A task vector is the element-wise difference between a fine-tuned model's weights and its pretrained base weights: τ = W_ft - W_base. It represents "what the model learned" during fine-tuning. Task arithmetic shows that these vectors can be added (to combine capabilities), subtracted (to remove capabilities), and scaled (to control strength). Adding multiple task vectors to a base model creates a single model that inherits capabilities from all source fine-tunes.
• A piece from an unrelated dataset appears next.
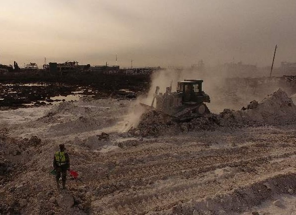 河北宣工高驅(qū)動推土機(jī)在江蘇響水“3·21”特大爆炸事故核心區(qū)爆炸坑搶險(xiǎn)救援活動中再建新功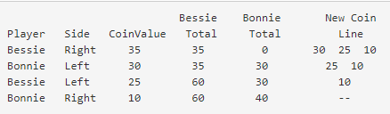 Bessie and Bonnie have found a treasure chest full of marvelous gold coins! Being cows, though, they can't just walk into a store and buy stuff, so instead they decide to have some fun with the coins.

5. When would you use model soups versus multi-model merging (TIES/DARE)?

Show Answer

Model soups average checkpoints from the same training run or from runs that differ only in hyperparameters (learning rate, data ordering). The goal is improved robustness and generalization for a single task. Multi-model merging (TIES/DARE) combines models fine-tuned for different tasks to create a multi-skill model. Use soups when you want a more robust version of your existing model; use TIES/DARE when you want to combine capabilities from models trained on different domains or tasks.

Key Takeaways

Model merging combines specialized models into multi-skilled models with zero additional training, requiring only system RAM (not GPU VRAM).
All models must share the same base architecture and pretrained checkpoint for merging to produce meaningful results.
SLERP is the best default for two-model merges, preserving weight magnitudes through spherical interpolation rather than linear averaging.
TIES and DARE handle interference when merging three or more models, using sign election and sparsification to prevent conflicting changes from canceling out.
Task arithmetic provides the theoretical foundation: task vectors (fine-tuning deltas) can be added, subtracted, and scaled to compose and decompose model capabilities.
Model soups average checkpoints from the same training process to improve robustness and generalization for a single task.
MergeKit is the standard tool for practical model merging, supporting all major algorithms through YAML configuration files.
Evolutionary merging automates the search for optimal merge configurations, often outperforming manually tuned merges.